I am using perl and regular expression to find an ORF (open reading frame) with a minimal size of 45 bases using.
Basically it means:
Find a substring a string that is composed ONLY of the letters ATGC (no spaces or new lines) that:
Starts with "ATG"
ends with "TAG" or "TAA" or "TGA",
is at least 39 chars long
is dividable by 3
My first code was:
$CDSString = "ATGCACACACACACACACACACACACACACACACACACACACACACACACACACACATGA";
if($CDSString =~ m/(ATG.{45,}(TAG|TAA|TGA))/)
{
my $CDSCurrent = $1;
if ((length($CDSCurrent) % 3) == 0)
{
# do something
}
}
which works fine, but I thought there might be a better way.
So I tried:
$CDSString = "ATGCACACACACACACACACACACACACACACACACACACACACACACACACACACATGA";
if ($CDSString =~ m/ATG(...){13,}(TAG|TAA|TGA)/ )
{
# do something
}
but for some reason it doesn't match the string above it, and I can't figure out why.
Can anyone figure it out? Thank you in advance.
Your regex is not making sure that everything between the start and stop codons is in fact composed of the letters ATGC only. You should be using:
if ($CDSString =~ m/ATG(?:[ATGC]{3}){13,}(?:TAG|TAA|TGA)/i) {...}
(But your original regex works, too, it just won't reject invalid matches. So there may be another problem somewhere else.)
There is a problem with the code thus far. What you should be looking for is the FIRST instance of a stop codon.
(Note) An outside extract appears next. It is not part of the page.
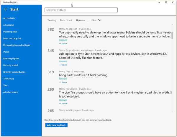 很多用户都对Win10的平板模式以及开始屏幕表示满意,因为无论从“颜值”还是功能上面都有走心的改进,比如平板设备自动识别、开始屏幕背景透明,以及开始屏幕左端整合开始菜单的形式等。但也有相当一部分从Win8.1升级而来的用户并不买账,这种情况在美国区《Windows反馈》中体现的尤为明显。

If your CDS is no good, it might contain internal stops. Internal stop codons make an invalid ORF, so you need something more finessed:
if($CDSString =~ m/ATG(?:[ATGC]{3}(?<!TAG|TAA|TGA)){13,}(?:TAG|TAA|TGA)/i) {...}
This will return a sequence without internal stops that has at least 13 codons between the start and the first stop.
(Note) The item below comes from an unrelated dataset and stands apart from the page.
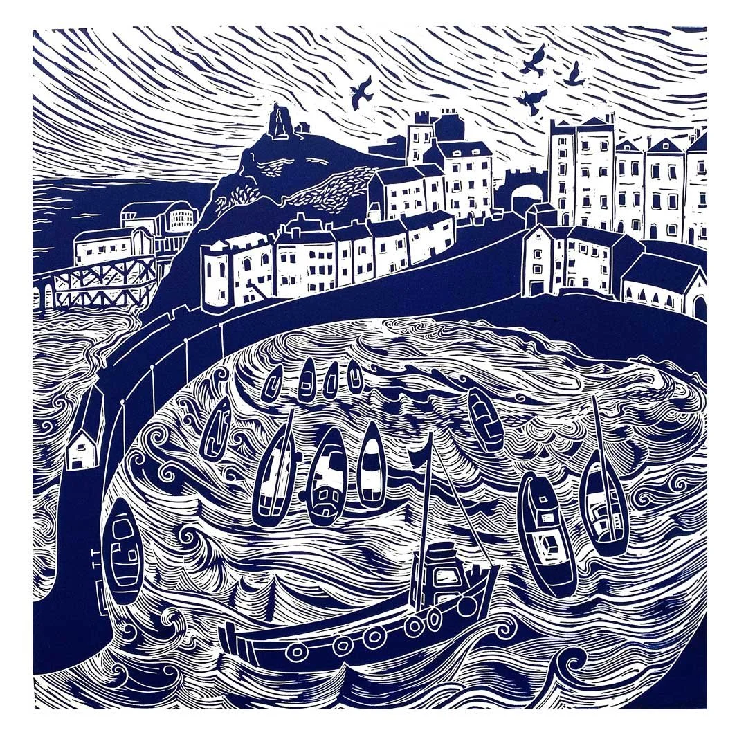 Most single colour prints are a hand mixed deep blue ink on soft cream paper. It is often hard to capture this accurately through photography and so advise you that the physical print may look slightly different in shade of colour, to the image on screen. There is also slight variance in shade of blue depending on the batch of ink mixed. Therefore each print may vary slightly due to the particular mix and distribution of ink, which is all part of its handmade charm.

This portion of the code: (?:[ATGC]{3}(?<!TAG|TAA|TGA)) says "match three nucleotides that are not TAG, TAA, or TGA". The (?
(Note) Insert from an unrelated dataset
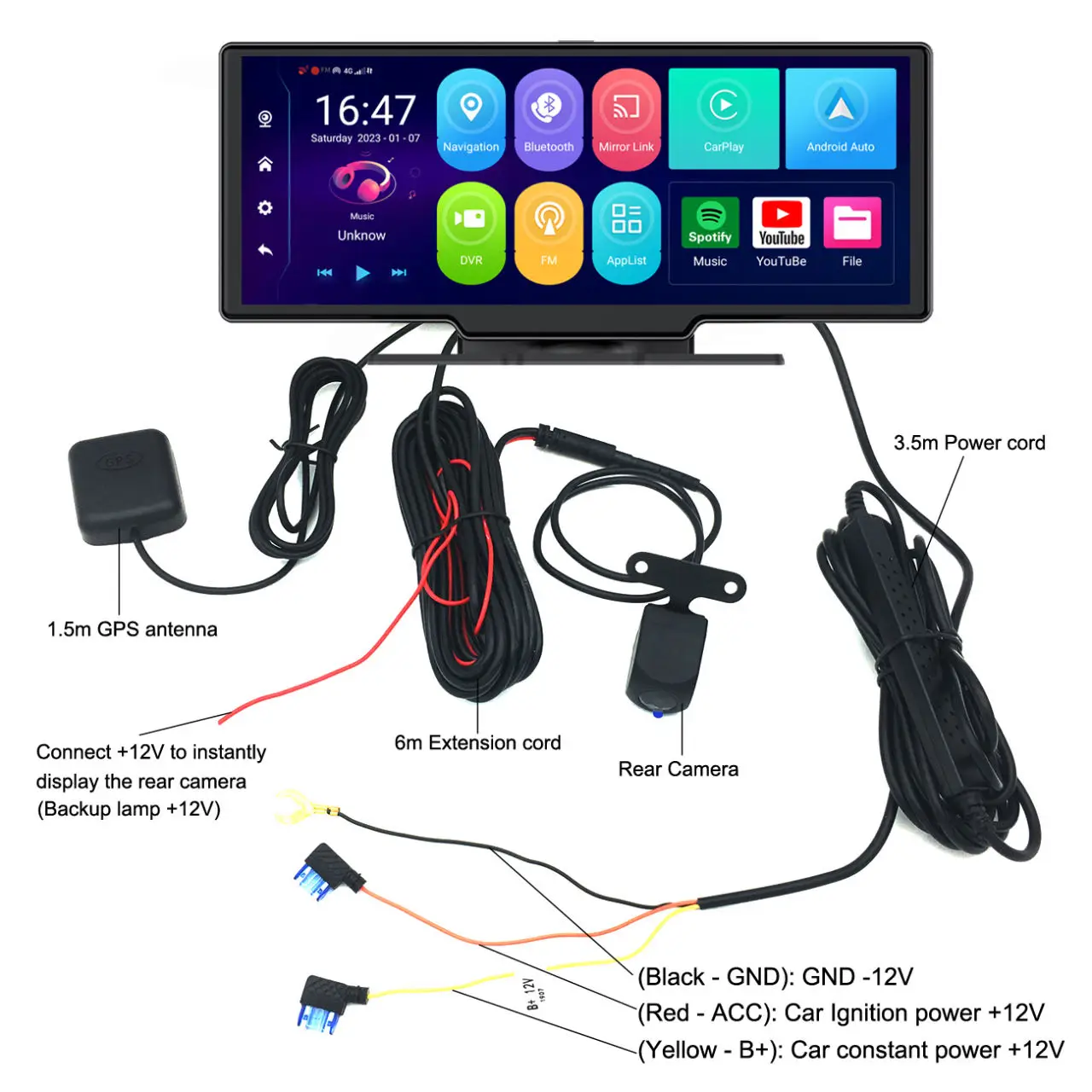 It support the wireless carplay connection with your iPhone, and sync the Phone interface to DVR screen,

Here's how it looks in action:
perl -e '$CDSString = "ATGCACACACACACACACACACACACACACACACACACACACACACACACACACACATAGTAGTAGTGA";if ($CDSString =~ m/(ATG(?:[ATGC]{3}(?<\!TAG|TAA|TGA)){13,}(TAG|TAA|TGA))/ ){print "$1\n"}'
ATGCACACACACACACACACACACACACACACACACACACACACACACACACACACATAG
Note, the last 3 stop codons (TAGTAGTGA) are not returned as part of the sequence.